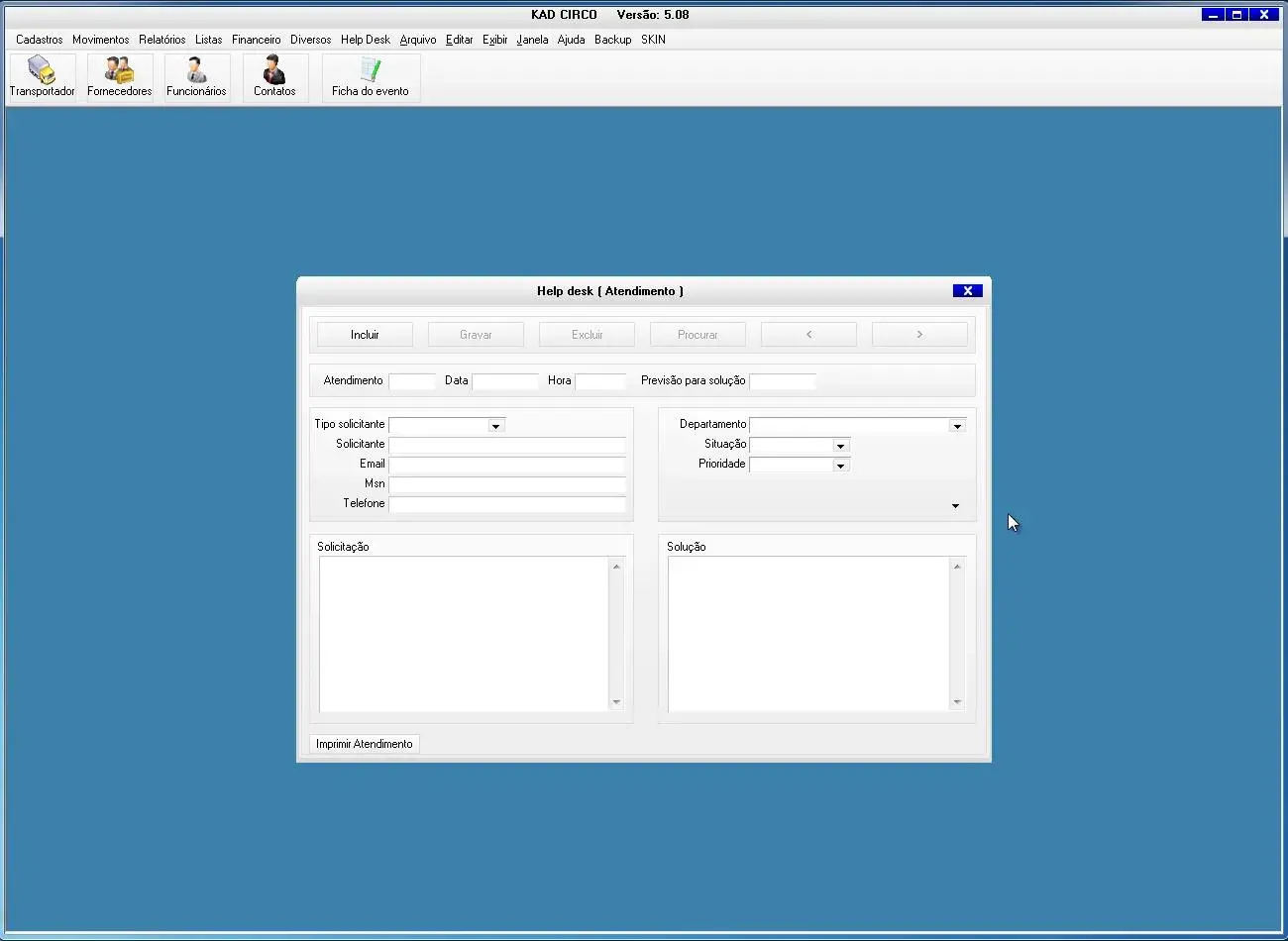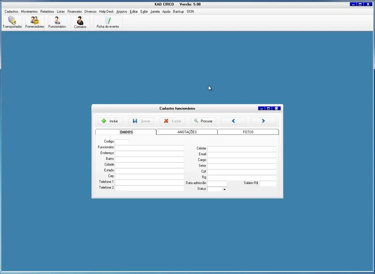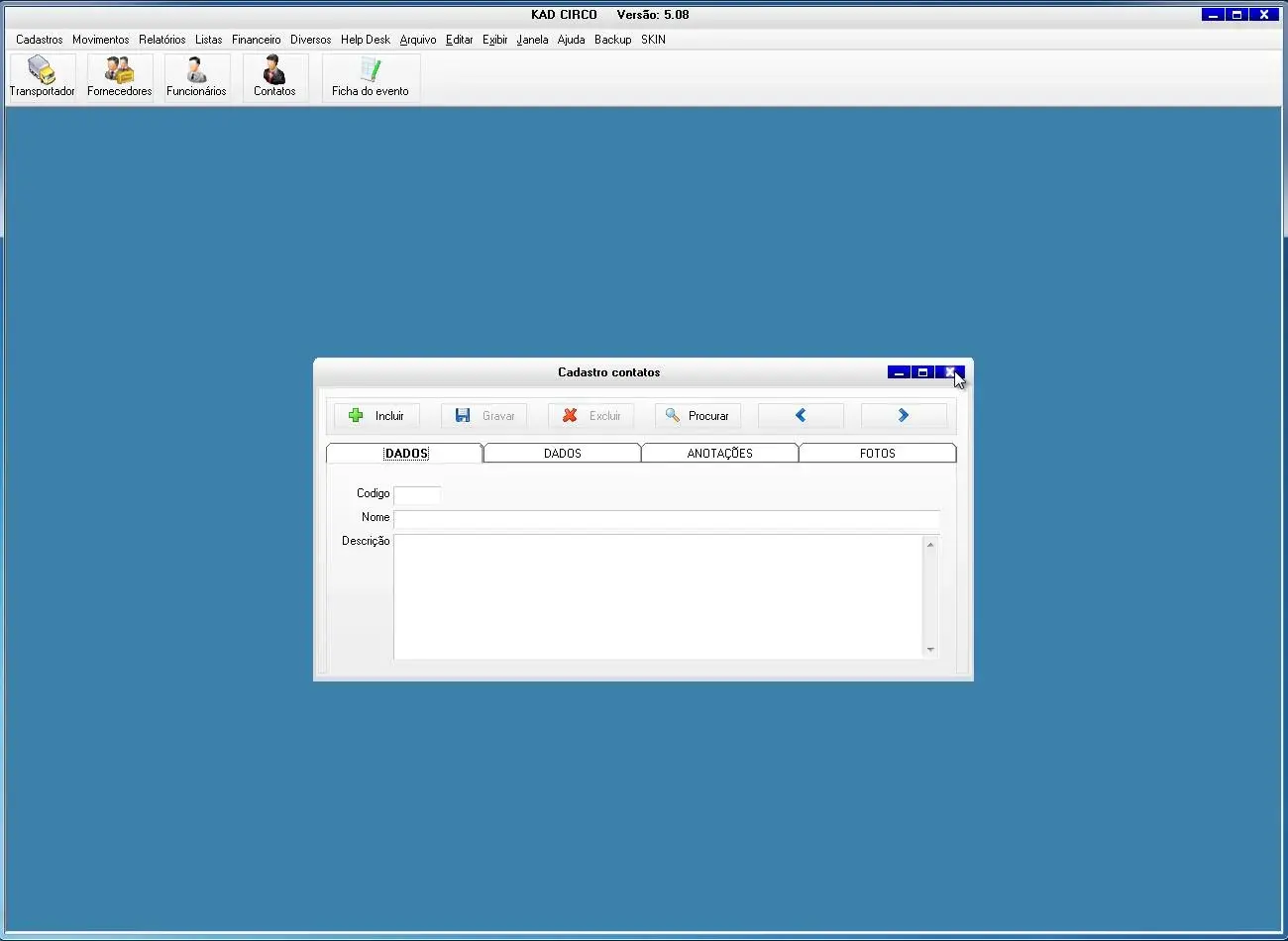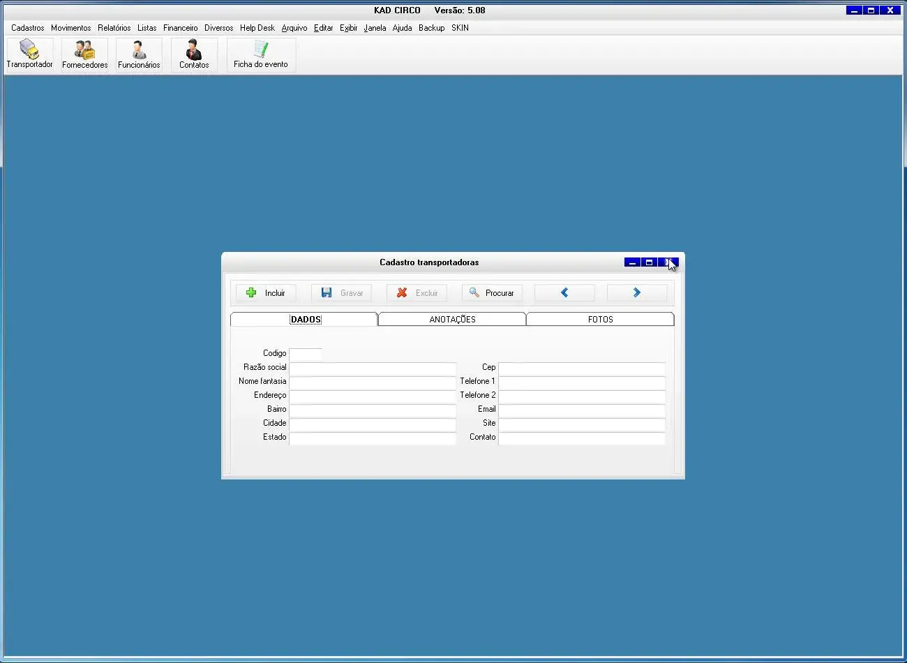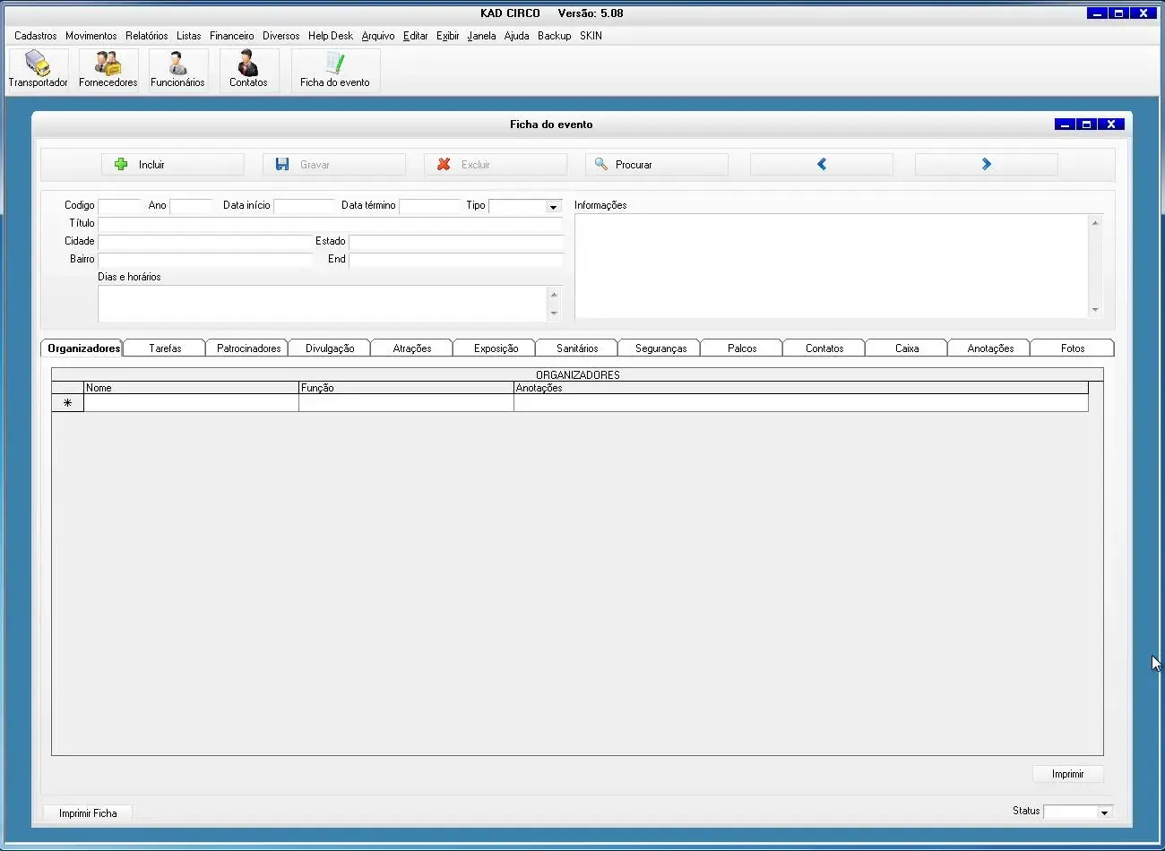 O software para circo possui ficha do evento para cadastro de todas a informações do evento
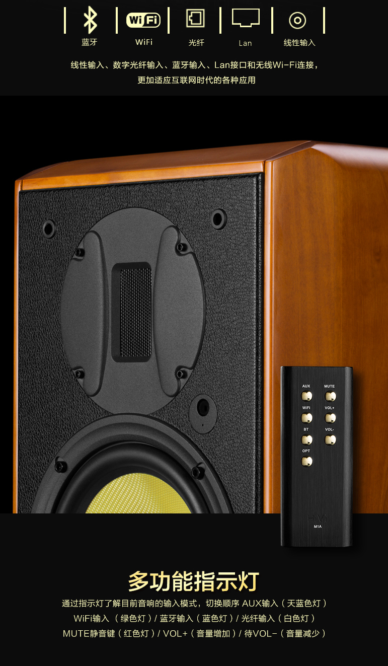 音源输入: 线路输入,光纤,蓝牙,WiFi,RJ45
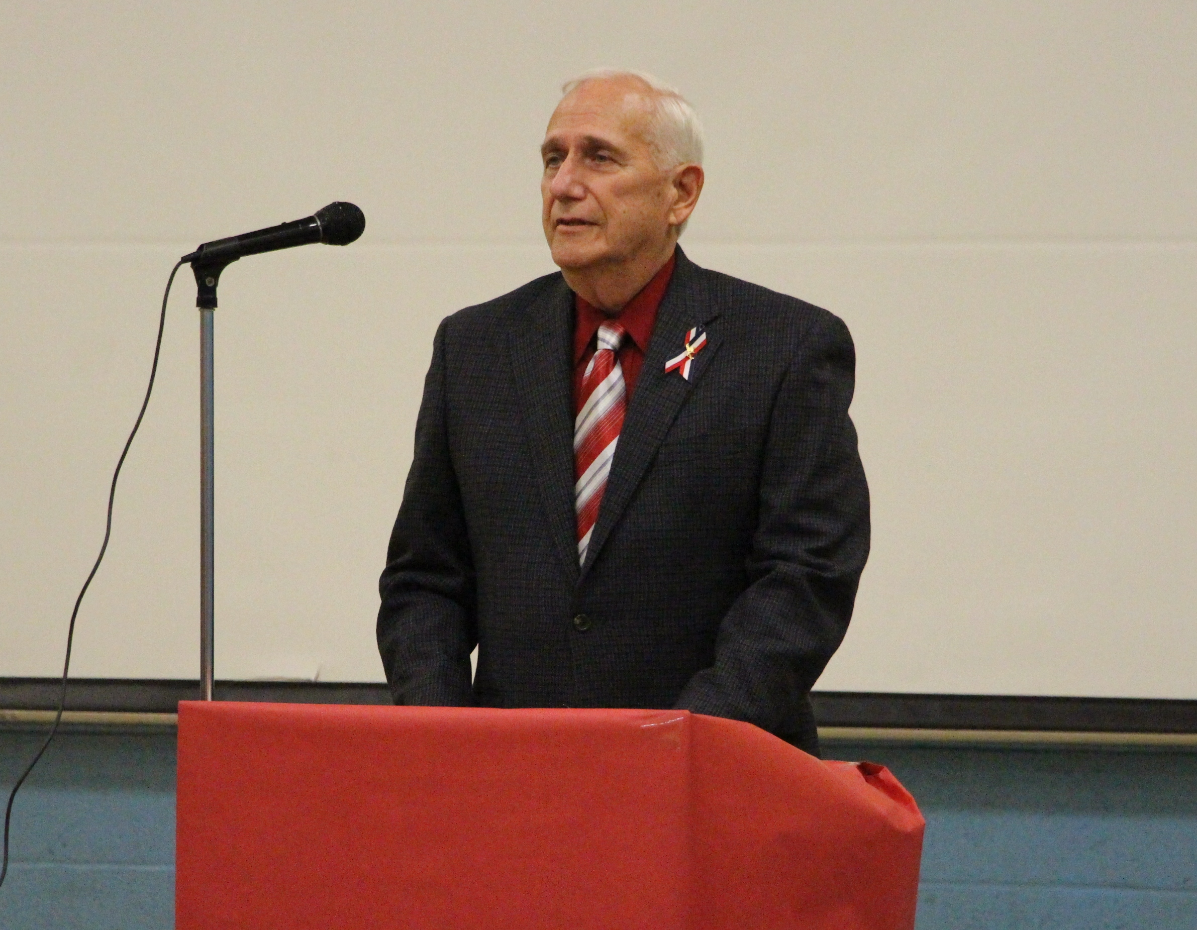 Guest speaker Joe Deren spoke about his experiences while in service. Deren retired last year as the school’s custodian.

● **Problem to work on**
Write out again, word for word, only the lines from the one with "音源输入: 线路输入,光纤,蓝牙,WiFi,RJ45" through the last line of the material, and omit each picture.

● **Response for this exercise**
 音源输入: 线路输入,光纤,蓝牙,WiFi,RJ45
 Guest speaker Joe Deren spoke about his experiences while in service. Deren retired last year as the school’s custodian.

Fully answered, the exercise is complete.